WORK TO COMPLETE: The listing below is to be written out word for word, minus its images.

====================

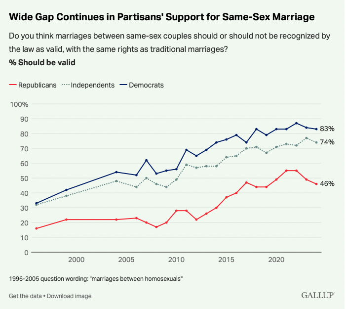 Gallup data show that, while acceptance of same-sex marriage is basically still at an all-time high, Republicans have shifted away from it in recent years.
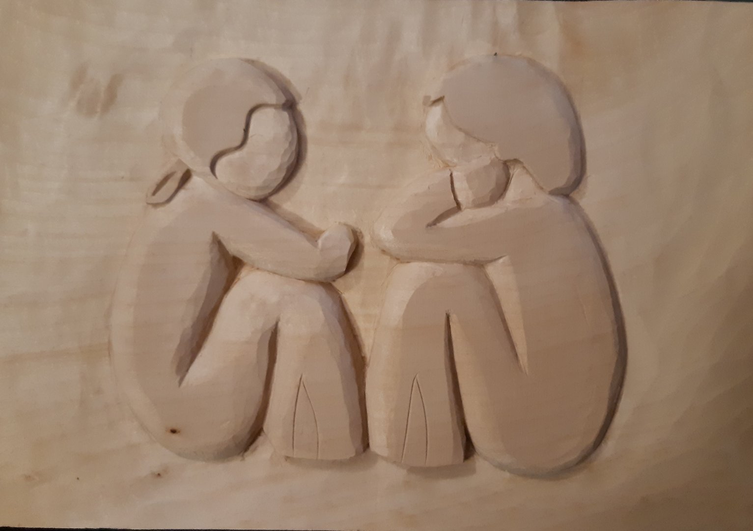 Beim Jungen wird das Gesicht durch die Hand verdeckt. Es bietet sich bei dem Mädchen mit dem runden Kugel Kopf geradezu an. Ich würde dir daher mal empfehlen, nur den oberen Teil des Mädchens noch mal auf einem Reststück nachzuschnitzen und dann ein keines Gesicht zu probieren. Wenn du das hast mache ich eine Kopie und zeige dir dann wie ich es machen würde da dieses Motiv doch sehr abstrakt gehalten ist.
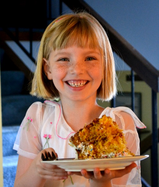 When ready to serve, be sure to cut big, fat slices and hand them to a cute little girl to pass around. No one fusses about calories when faced with this grin.
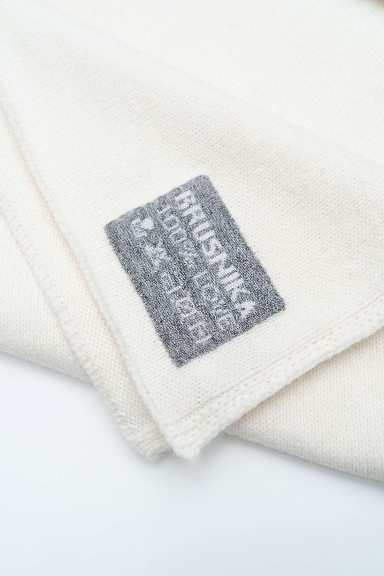 Трикотажный шарф из шерсти альпака с брендированным ярлыком.
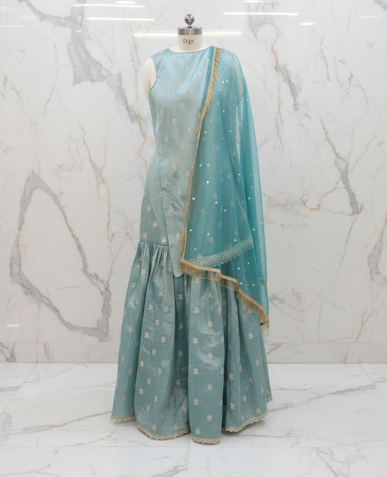 A classic sea green gharara suit made from raw silk, featuring fitted trousers till the knee that flare dramatically with a gathered seam. Finished with metallic gold embellishments for a timeless traditional appeal.
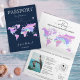 Destino de Casamento de Convite Moderno e único, como passaporte com mapa holográfico mundial
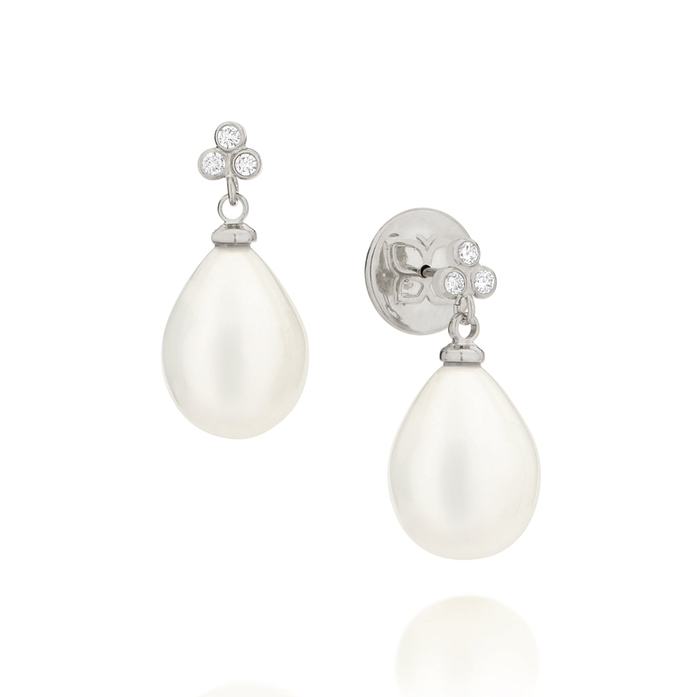 RHODIUM PLATED EARRING WITH PEARL AND ZIRCONIA
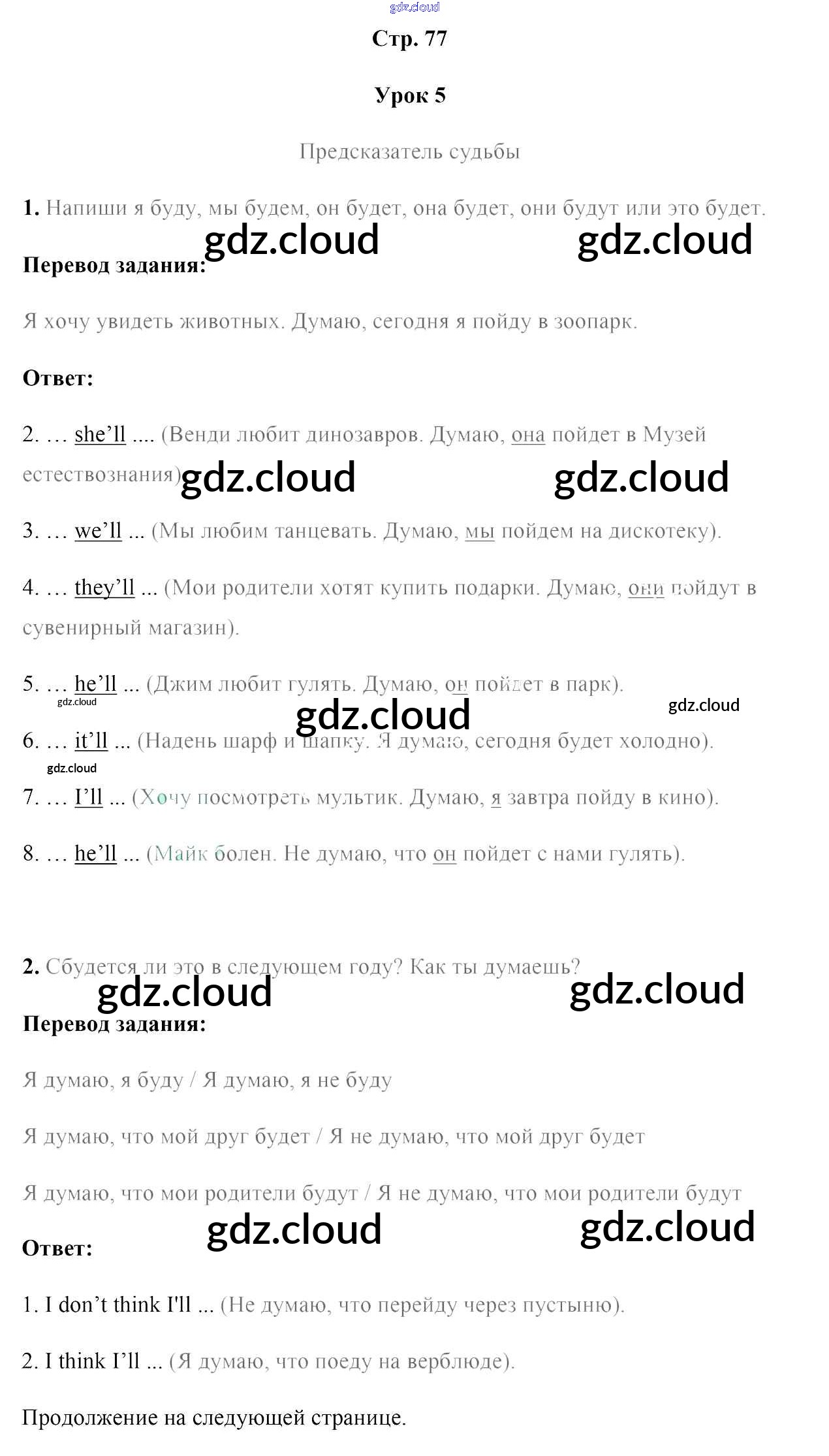 Ответ на задание стр.77 Рабочая тетрадь Английский язык за 5 (пятый) класс Лапицкая, Севрюкова, Калишевич, Седунова 2016 Часть 1, 2

====================

SOLUTION TO THIS PROBLEM:
 Gallup data show that, while acceptance of same-sex marriage is basically still at an all-time high, Republicans have shifted away from it in recent years.
 Beim Jungen wird das Gesicht durch die Hand verdeckt. Es bietet sich bei dem Mädchen mit dem runden Kugel Kopf geradezu an. Ich würde dir daher mal empfehlen, nur den oberen Teil des Mädchens noch mal auf einem Reststück nachzuschnitzen und dann ein keines Gesicht zu probieren. Wenn du das hast mache ich eine Kopie und zeige dir dann wie ich es machen würde da dieses Motiv doch sehr abstrakt gehalten ist.
 When ready to serve, be sure to cut big, fat slices and hand them to a cute little girl to pass around. No one fusses about calories when faced with this grin.
 Трикотажный шарф из шерсти альпака с брендированным ярлыком.
 A classic sea green gharara suit made from raw silk, featuring fitted trousers till the knee that flare dramatically with a gathered seam. Finished with metallic gold embellishments for a timeless traditional appeal.
 Destino de Casamento de Convite Moderno e único, como passaporte com mapa holográfico mundial
 RHODIUM PLATED EARRING WITH PEARL AND ZIRCONIA
 Ответ на задание стр.77 Рабочая тетрадь Английский язык за 5 (пятый) класс Лапицкая, Севрюкова, Калишевич, Седунова 2016 Часть 1, 2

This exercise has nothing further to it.